巧先生のお料理教室は、普通に楽しかった。味付けのアドバイスとか、手際のいい作り方とか、ためになることばかり。もともとといえば、こういう作業は好きなほうなのだ。ただ、自分のためだけに作るとなると悲しくなるからやらなくなっただけ。

今日作るご飯はおそらくこのまま、あやちゃんと巧のおなかに収まることになる。だからそう考えるとやる気も出てくるし、そもそもあおいさんに作るという大きな目標もある。ふふ、今からあおいさんの驚く顔が目に浮かんでわくわくする。そう、ぼんやりしていたのが間違いだった。

「…い、おいっ、ゆああぶねえ!」

巧の声にはっと我に返ると、お味噌汁を作るのに沸かしていたお湯が吹きこぼれ、ちょうど私の手にかかろうとしたところだった。普通の人ならとっさに手を引っ込められたのだろうが、何を隠そう、運動神経、反射神経の壊滅的な私にそんなことはできなかった。

「っつい!」

「ばっかお前何してんだ。いつもいつもぼけっとしてるけど、火を扱ってるときににぼんやりすんな」

「なんてひどい、もっと優しい言葉をかけて」

「お前はしっかりしてるようで全然そんなことないことはよくわかってんだ。ほら、手見せろ。今よけられてなかったろ。」

そういって私の手を取り、思ったよりひどいな、とぶつぶついいつつ、手を冷やしてくれる。その姿はまるで子供の世話を焼くパパのようで、思わず笑いがこぼれた。

「なに火傷して笑ってんだ、気持ちわるいな」

「いや、なんかいいパパになりそうだなって」

「そうかよ」

なんだか複雑そうな顔をする巧に首をひねる。はて、ほめたつもりだったのだが何か不服だったのだろうか。そんなひと悶着を経て、ようやっと完成した、先輩に充てた料理もとい今日のご飯。まあなかなかよくできたと思う。あやちゃんを呼び出し、一緒に昼食にするとこにした。

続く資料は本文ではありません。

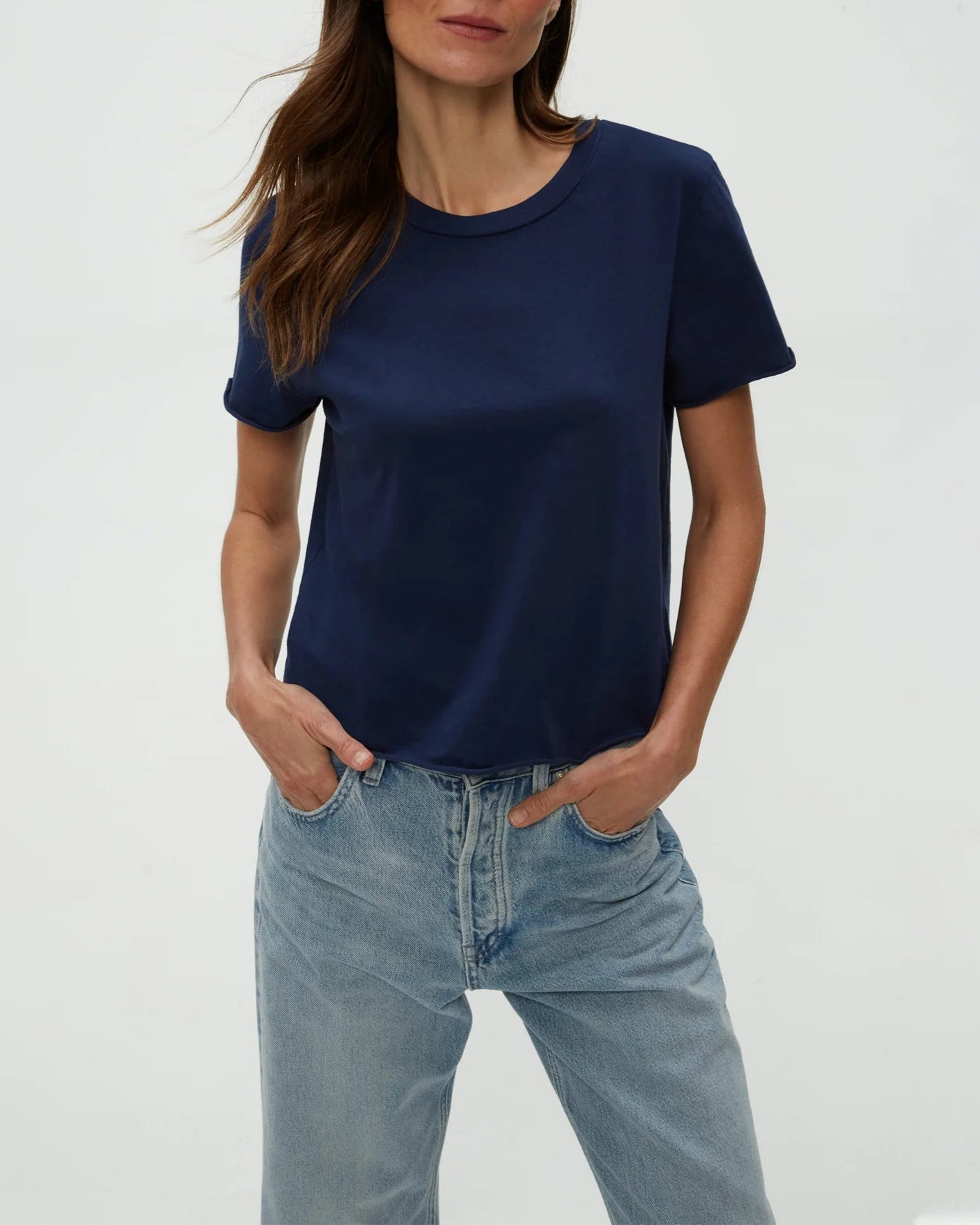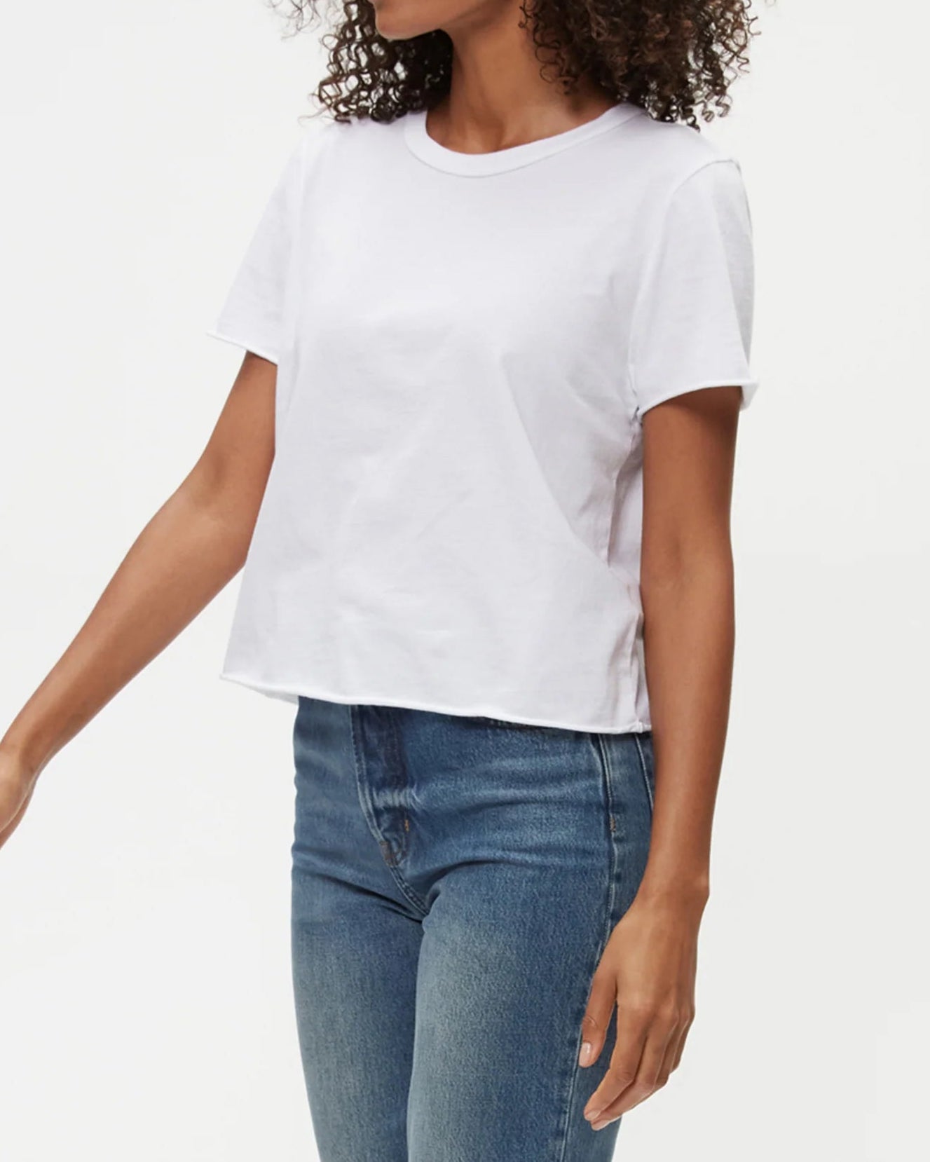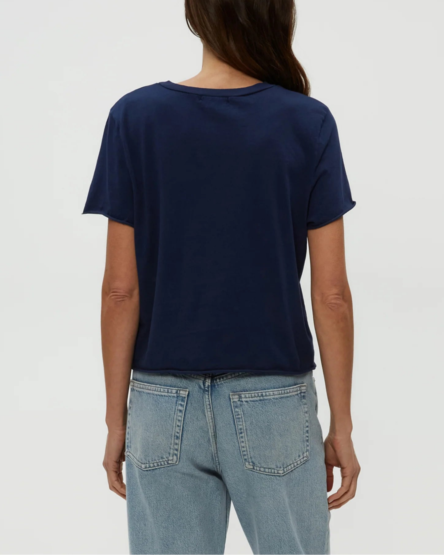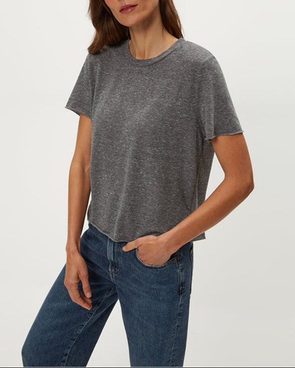 The cropped version of the Becca Tee, Jackie Raw Edge Crew Neck Tee is a short sleeved, easy fitting crewneck with rolled hems at the sleeves and bottom hem. A tee that’s made in LA and made to last.

「おいしい!ゆあちゃん、やっぱりうちの子になってよ。」

「おい、変なこと言うなよ」

「あやちゃんの娘になるのは大歓迎なんだけどね、ちょっと巧がそこまで私の面倒見たくないでしょ、いまさら 」

ひらひらと手を振り、巧もうなずいていると思い、半笑いで横を見やり、そのまま私は固まることになった。一瞬、ほんの一瞬だったが、なにかあきらめたような、悲しいような、哀愁あふれる表情。そのあまりの儚さは、瞬きをする間に嘘のように消え去っていて、見間違いを疑った。

でも、それはどう考えても見間違えなんかじゃなくて。だからこそ、何も言えなかった。それと同時に、すこしだけ、ほんの少しだけ浮かんでしまった考え。気のせいだと消し去るには、私は巧のことを知りすぎていた。思い過ごしなんかじゃない。ずっと隣にいたのだ。逆になぜ今まで気づかなかったのだろう。こいつは、私のことが、だけど…

「ごめんね…」

「ん、なんかいった?」

「え、なんも、耳悪くなったんじゃないの、老化」

「同い年だろうが」

こぼれてしまったごめんは、言わないことにした。巧がいつからか、私に隠してきたであろう気持ちは、きっと私たちの関係をこのまま居心地のよいものにしておくためだから。私のことを気遣ってだと思うから。そのやさしさに、今は甘えることにしようと思う。

最低かもしれない。けど、私にも今は、私なりに大好きだと思える人が見つかったから。きっと、それが巧にも、蒼唯さんにも誠実な対応だ。だから、少しだけ傷んだ胸を見て見ぬふりして、私は帰路についた。

そう、私には悩む時間なんて残されていなかった。明日には蒼唯さんのところに向かわなければならない。自分のことにいっぱいいっぱいな私に、心底嫌気がさした。